Bayan Trott, Muhafazakâr Parti'nin popülist rakiplerine nasıl karşı koyması gerektiği konusunu tartışmaktan da aynı derecede çekiniyor. Tıpkı David Cameron'ın Gordon Brown'ı Downing Sokağı'ndan kovması gibi, o da İşçi Partisi'ne karşı çıkıp onu devirmeye odaklanmak istiyor.
"Onlar iktidarda olan insanlar ve aldıkları kararlarla bu ülkeyi mahvediyorlar. Bizim görevimiz de her fırsatta onlarla olabildiğince mücadele etmek," diyor. "Emeklilere neler yaptıklarına bakın.
"Çiftçilere neler yaptıklarına bakın. Ekonomiye neler yaptıklarına bakın.
"Sadece bir yılda verdikleri zarar olağanüstü. Seçmenlerimizin çıkarlarını gözetmeye ve İşçi Partisi'yle mücadele etmeye odaklanmalıyız.
"Bence geri kalan her şey dikkat dağıtıcı."
İşçi Partisi'nin tek dönem içinde iktidardan düşeceğini, "eğer dünyada adalet varsa" diyor.
İktidar kaybı, Hazine Bakanlığı'nı Elizabeth Kulesi'nin karşısındaki Portcullis House'da küçük bir ofisle değiştirmek zorunda kalması anlamına geliyordu. Ancak milletvekili olarak yaptığı işten bir neşe duygusu taşıyor.
"Avam Kamarası'na her gün geldiğimde kendimi hala şanslı hissediyorum" diyor.
Ofisi Westminster Sarayı'na bakıyor. Bu Gotik mimari harikasının muhteşem bir manzarası var, ancak Bayan Trott'un tek hedefi partisini yeniden iktidara getirmek.
Muhafazakar Parti liderine karşı çok sıcak sözler söyledi.
"Bakın, Kemi harika.
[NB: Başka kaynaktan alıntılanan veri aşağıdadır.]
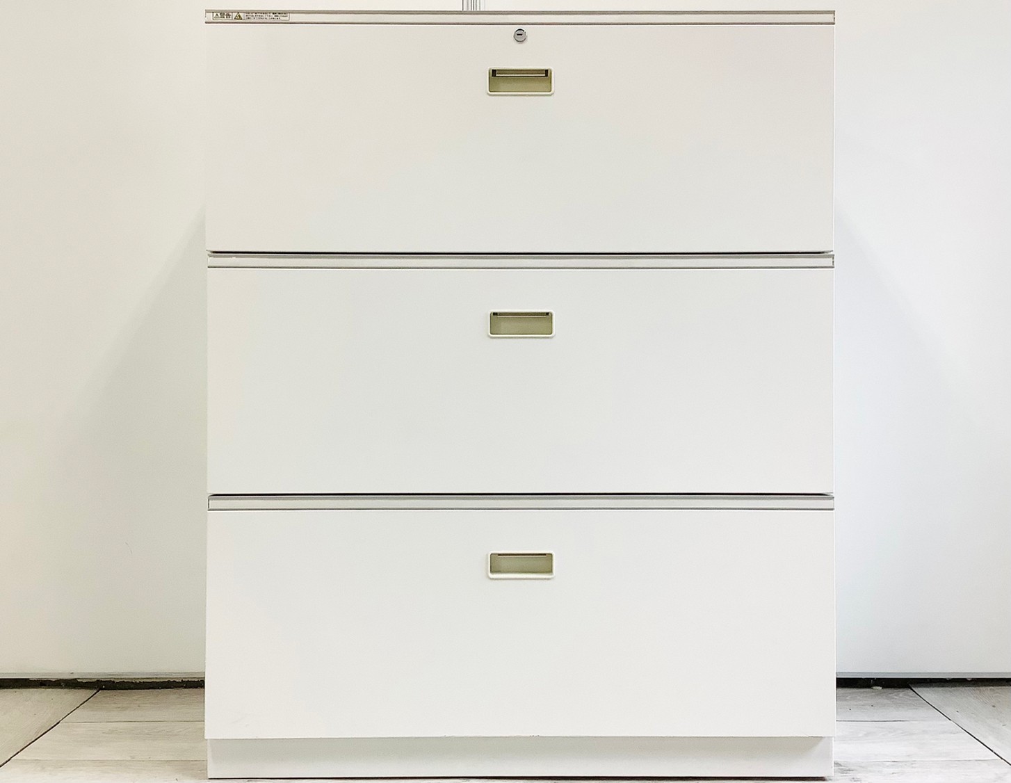 【A4ファイルも沢山収納可能!ホワイトカラーの人気シリーズ3段ラテラル書庫!】■イトーキ(ITOKI)製 シンラインシリーズ (THIN LINE) 3段ラテラル書庫 ローキャビネット ■シリンダー錠 ■ホワイト

Yaptığı işe tutkuyla bağlı, ilkeli bir politikacı.
"Zor konuları ele almaktan korkmuyor ve gerçekten önemsiyor."
Ve şu anda, Hükümeti İngiltere'deki akademiler için yaptığı planlardan vazgeçmeye ikna etmeye çalışıyor.
"İnsanlar U dönüşünü bir günde unutur," diye ısrar ediyor. "Tek yapmaları gereken bu ülkedeki standartları yok etmemek."